Así que se tuvo que molestar en ir personalmente, a ver si conseguía algo intermedio: le dieron las 19:30h. Conclusión: la marca no deja de poner trabas al cliente, en vez de facilitarle las cosas. Supuestamente, la web está para eso, pero la realidad es que no. La atención telefónica parece ser que tampoco. Añadiré que, en anteriores ocasiones, la amabilidad inicial del personal de acogida había ido desapareciendo, virando hacia esa soberbia tan propia de muchas marcas de lujo, cuando piensan que no están tratando con hijos de John D. Rockefeller. 

 

 

 

 

Al final, por razones que no vienen al caso, no pudimos ir a cenar, pero yo decidí incluir la experiencia del café en mi obligada visita a la boutique, homenaje a la marca que, en 1986, marcó un hito en el retail creando la primera concept store, en la que RL escenifica su estilo de manera impecable. ¿El resultado? Una experiencia religiosa destinada a provocar un impacto emocional al visitarla. Hace trece años ya escribí sobre ello en Venta de producto versus venta de emoción y por eso, siempre que voy a París, vuelvo a por mi descarga de dopamina RL.

 

Antes, sin embargo, como llovía y hacía frío, decidí entrar en el café. Antes de entrar, ya intuí la primera misery: han vaciado un escaparate para que el café tenga vistas a la calle, pero el espacio es minúsculo: unos 7x5 m2, cosa que las fotos de Instagram se habían cuidado muy mucho de mostrar. Una ‘ingeniosa’ manera de rentabilizar el espacio, convirtiéndolo en un café-studette muy instagrameable si está vacío, porque lleno es un totum revolutum de ropa, bolsos y bolsas, ya que no hay apenas sitio para dejarlos. El local tiene sólo seis mesas a la francesa, es decir, aptas para dos personas, pero que, en realidad, son cómodas sólo para una, porque dos servicios completos caben penosamente. Pero en París, ya se sabe.

 

Segunda misery: como hay tan pocas mesas y la gente entra continuamente, te da la impresión de ser una okupa mientras tomas tu consumición y, aunque nadie te pone un contador de minutos en la mesa, la sensación de incomodidad se hace patente. No es un lugar para relajarte leyendo un poco o charlando tranquilamente, aunque bien te lo van a cobrar. Es un fast-coffee, para mí incompatible con lo que vende la marca. Además, -tercera misery- la puerta de entrada golpea ruidosamente al cerrar, lo cual es especialmente molesto, sobre todo para la mesa que está pegada a ella.

 

Vamos a por la cuarta misery: las cuatro rosas de las mesas son falsas (cuando las flores de la boutique son auténticas) y los floreros metálicos de la marca de hostelería GenWare. A ver, querido Ralph: se trata de 24 rosas más y de poner floreros de RL Home, que para eso también fuiste pionero en tener una marca de decoración.
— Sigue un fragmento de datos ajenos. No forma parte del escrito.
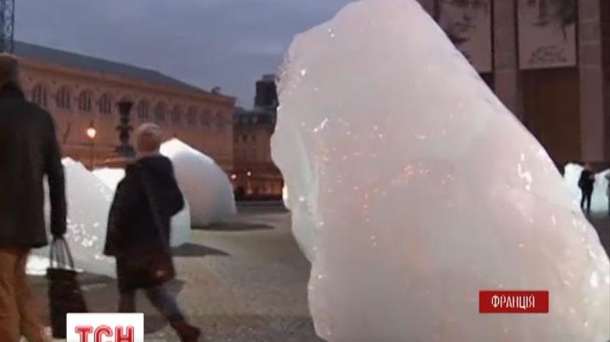 Огромные глыбы льда выловили у побережья Гренландии и в специальных контейнерах доставили во французскую столицу.
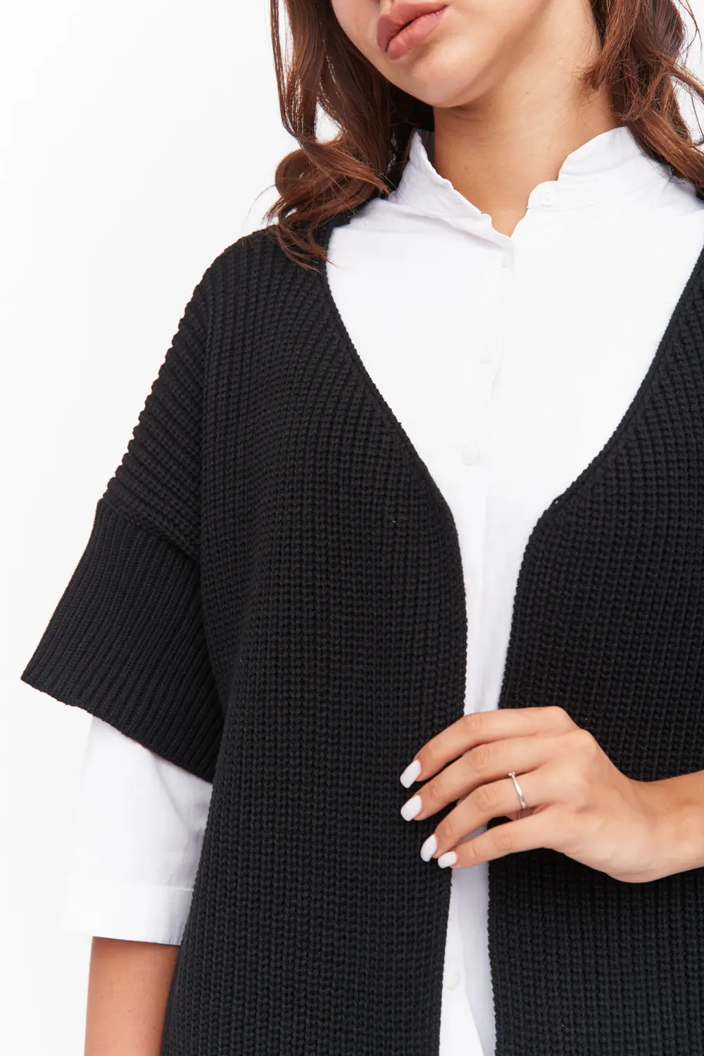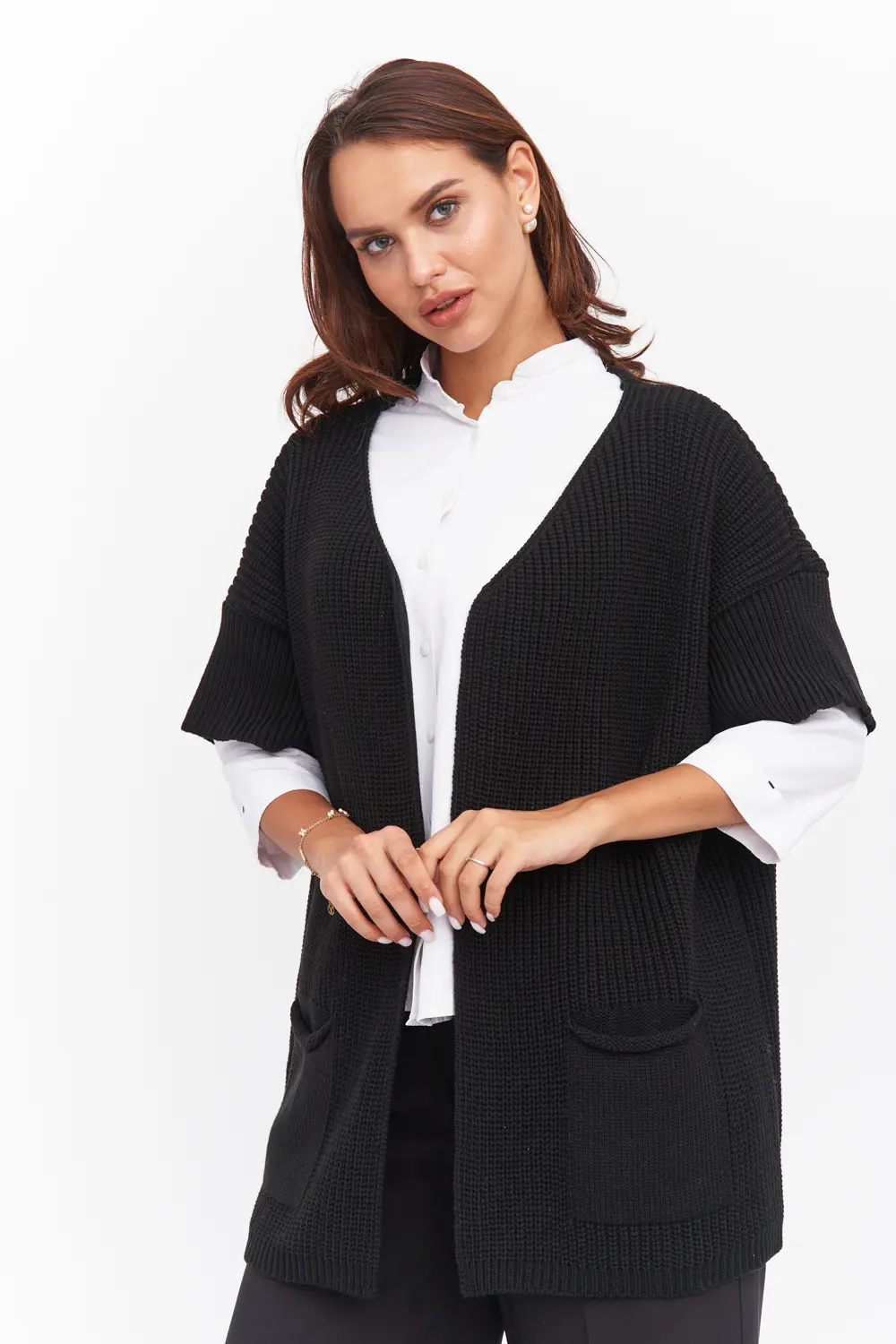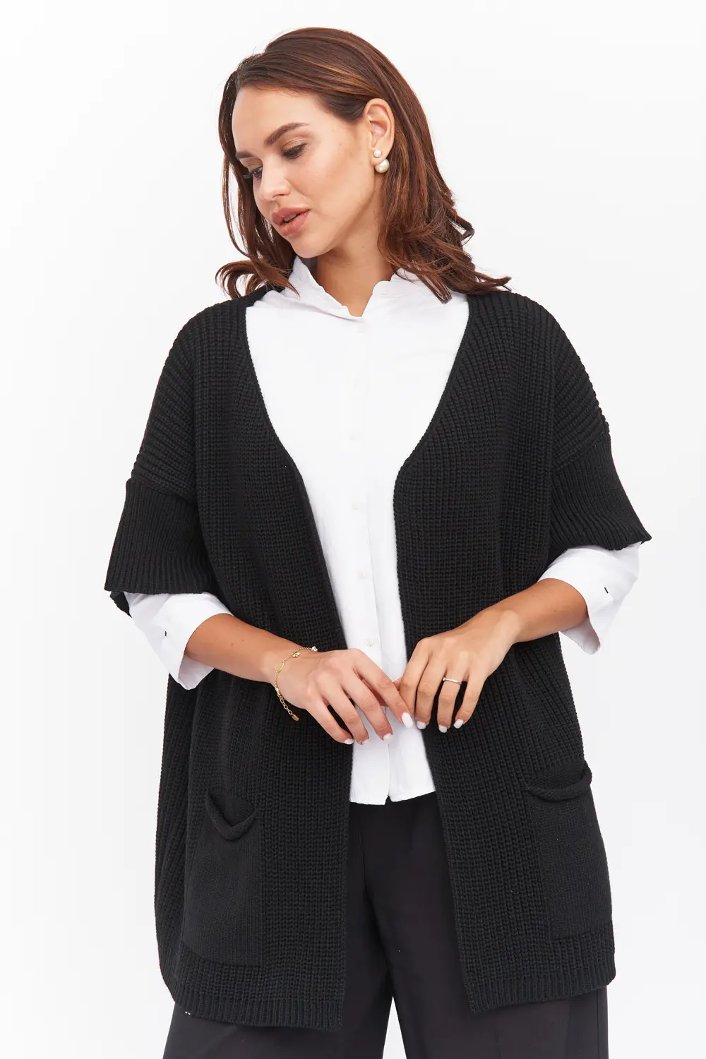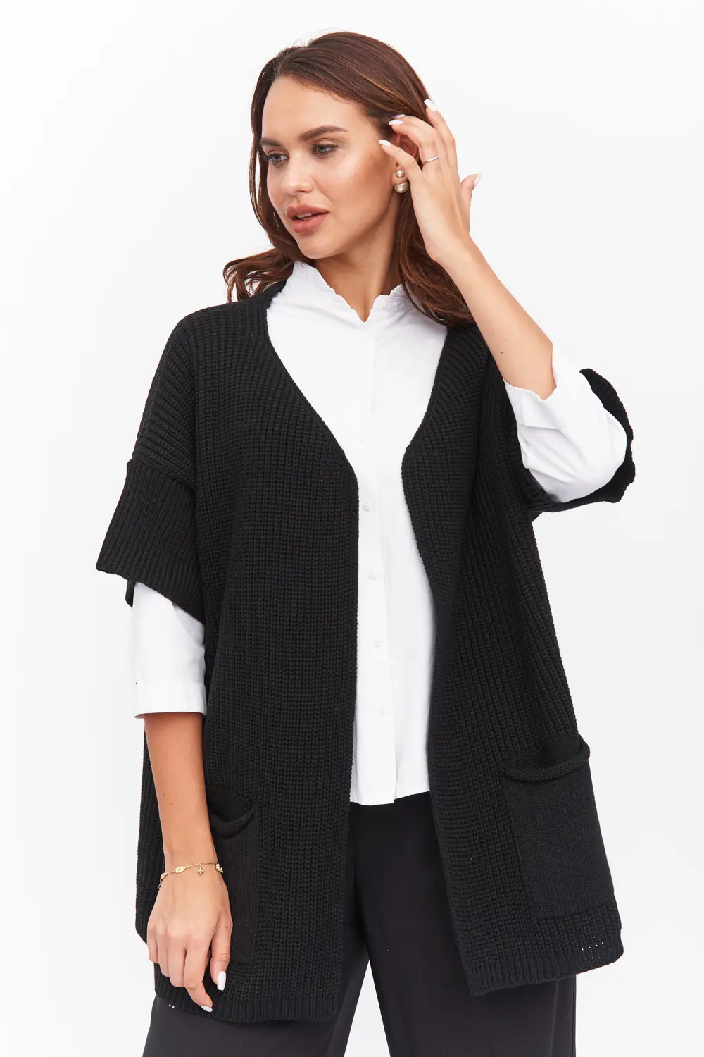 - Жилет свободного прямого силуэта со спущенным плечом и V-образной горловиной. Жилет выполнен жемчужным переплетением. Два функциональных накладных кармана. Благодаря фасону оверсайз стильно смотрится на любой фигуре - подчёркивает достоинства и скрывает недостатки, дополнит любой образ.

Esa sensación de fake hizo que mi dopamina empezase a llorar, pero todavía no sabía lo que le esperaba. Por lo menos, el hilo musical palió su desengaño. El servicio eran dos personas black & white -la marca ha sido inclusiva desde siempre-, uniformadas informalmente, salvo en los pies (quinta misery viendo las botas de ella).

 

Pero la apoteosis misery (la sexta) llegó con la consumición. Pedí un chocolate y un carrot cake que me trajeron en vajilla de la casa, pero con cubertería absolutamente impropia: cucharilla demasiado pequeña para la taza del chocolate y tenedor demasiado grande para el plato del pastel. Además, me sirvieron sin traer una servilleta -tuve que reclamarla- y cuando pedí también un cuchillo, me enteré que “cuchillos sólo en el restaurante”, como me dijo el camarero ante mi incrédula mirada.

 

 

 

 

A ver, a ver, a ver: ¿De verdad que una marca que tiene línea de hogar no puede permitirse tener una cubertería digna en su café? Que estamos hablando de una docena de comensales como máximo… Llámenme puntillosa: sí, lo soy con estas cosas. Se llaman detalles y el infierno de las marcas está lleno. Otro detalle feo: el camarero pide abonar la cuenta inmediatamente, “por el cambio de turno” a otro cliente que ha entrado conmigo y a mí. El camarero se va 15’ para luego volver: ambos clientes todavía estábamos con la consumición y nadie lo había remplazado. Nunca había visto un turno tan rápido. Menos mal que el producto estaba bueno, sólo hubiese faltado, pero nada espectacular por los 14 euros que pagué (calculé una media diaria de caja de 2000 euros, mínimo, ojo al dato).

 

Estamos ante uno de los resultados de la supuesta democratización del lujo, que ya sólo los ingenuos se creen. El lujo es antidemocrático en esencia y quien lo quiera vender como accesible nos está engañando. Sí, claro, me puedo comprar un cosmético, un perfume, unas gafas u otro complemento de una marca de lujo, accediendo a un supuesto club al que, en realidad, no pertenezco. Poder, puedo. Pero el cosmético me lo venden en El Corte Inglés (o similar) y también en el aeropuerto, lugares en los que, como todo el mundo sabe, comprar es una experiencia de marca inolvidable. ¿Nadie se ha percatado de que en las boutiques de lujo NO venden su propia cosmética y raramente su perfumería? ¡Ajá! Eso es para los otros, no para sus clientes de verdad.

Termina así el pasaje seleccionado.